**TASK GOAL:** The job is to output exactly the lines that run from the start of the entries through the line containing "Vonná sviečka La", pictures omitted.

**MATERIAL SUPPLIED:**
════

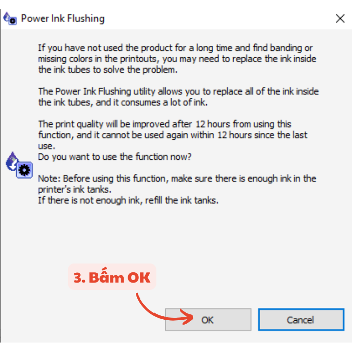 Trong trường hợp bạn để máy in hết mực, mực trong ống dẫn có thể đã hết cạn. Vì vậy, sau khi đổ mực mới bạn cần xả mực. Lưu ý: Thao tác này chỉ được thực hiện 1 lần/ngày. Cách làm như sau:
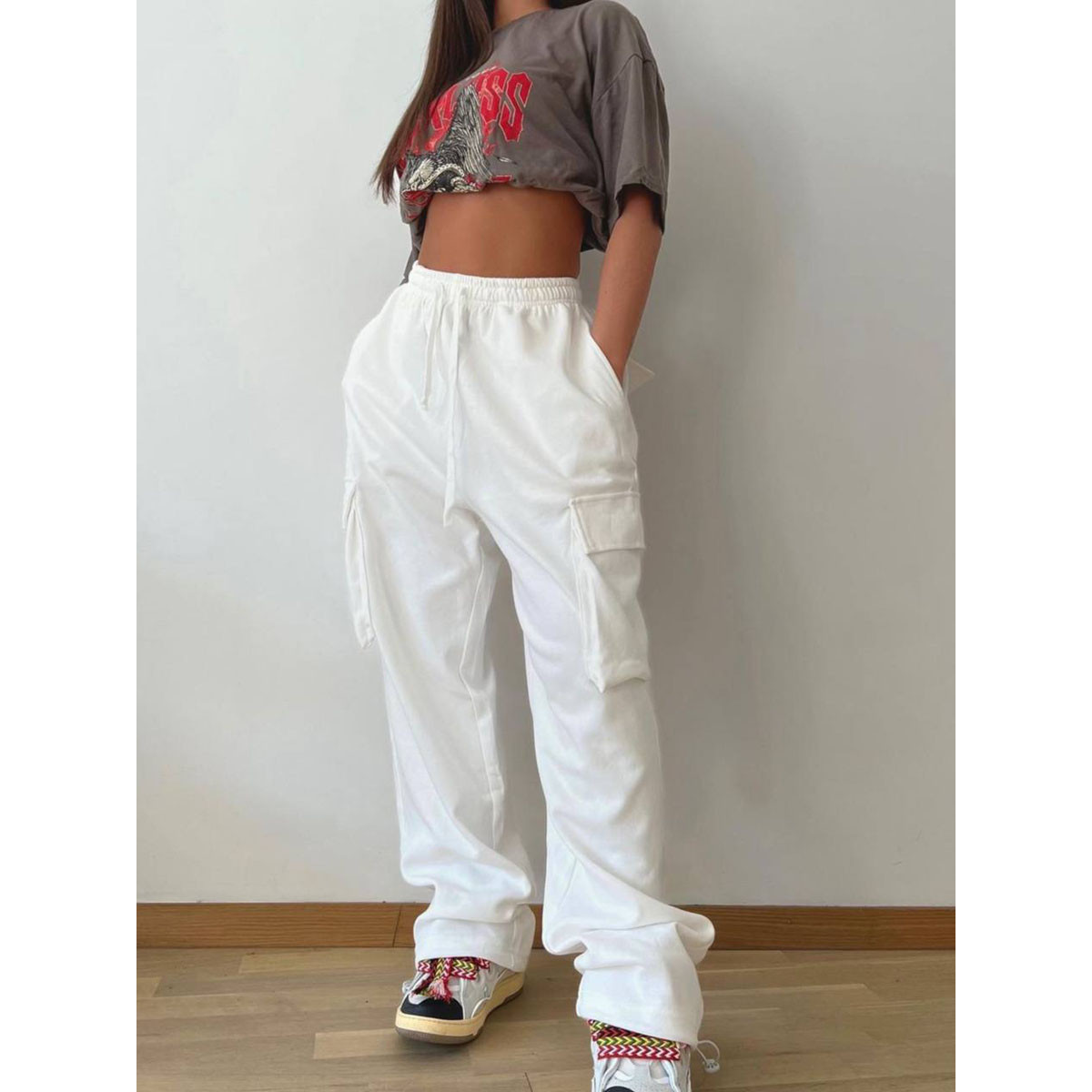 Штани карго на резинці, з накладними кишенями та прошитою широкою резинкою на поясі, мають шнурок. Низ на затяжках.
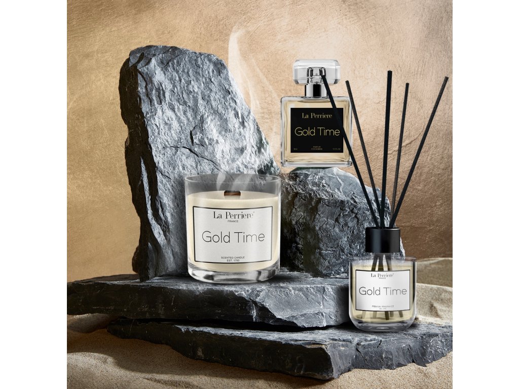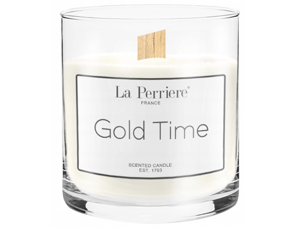 Vonná sviečka La Perriere – Gold Time s dreveným knôtom, sójový vosk, 75 hodín
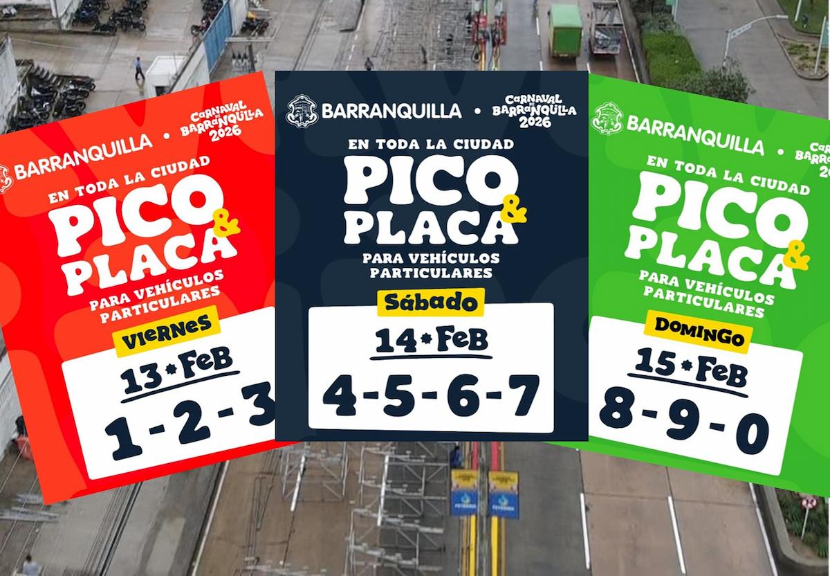 Barranquilla — La Alcaldía implementará pico y placa para vehículos particulares del 13 al 16 de febrero de 2026 durante el Carnaval, según el Decreto 0036, medida que regirá en toda la ciudad con horarios y dígitos específicos por día.
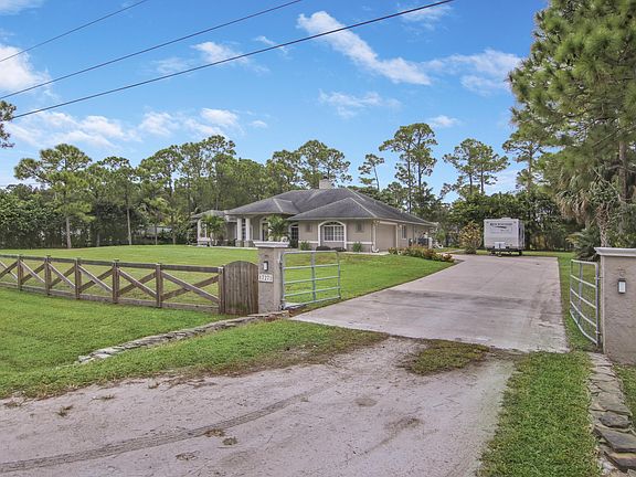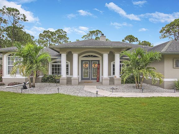 Welcome to Acreage living! Plenty of room for RV's, boats, ATV's and more. Home boasts 4 Bedrooms/Office with 2 baths. Bathrooms have been recently updated. Appliances, water heater, A/C are all 5 years old. Wood burning brick fire place set in the center of home. Enjoy mornings or evening on screened patio overlooking beautiful just remodeled pool. Landscaped yard is complete with Mango, Avocado, and Banana trees. Property is fully fenced with paved driveway. Don't miss out on calling this house your home!

════

**ANSWER SPACE:**
 Trong trường hợp bạn để máy in hết mực, mực trong ống dẫn có thể đã hết cạn. Vì vậy, sau khi đổ mực mới bạn cần xả mực. Lưu ý: Thao tác này chỉ được thực hiện 1 lần/ngày. Cách làm như sau:
 Штани карго на резинці, з накладними кишенями та прошитою широкою резинкою на поясі, мають шнурок. Низ на затяжках.
 Vonná sviečka La Perriere – Gold Time s dreveným knôtom, sójový vosk, 75 hodín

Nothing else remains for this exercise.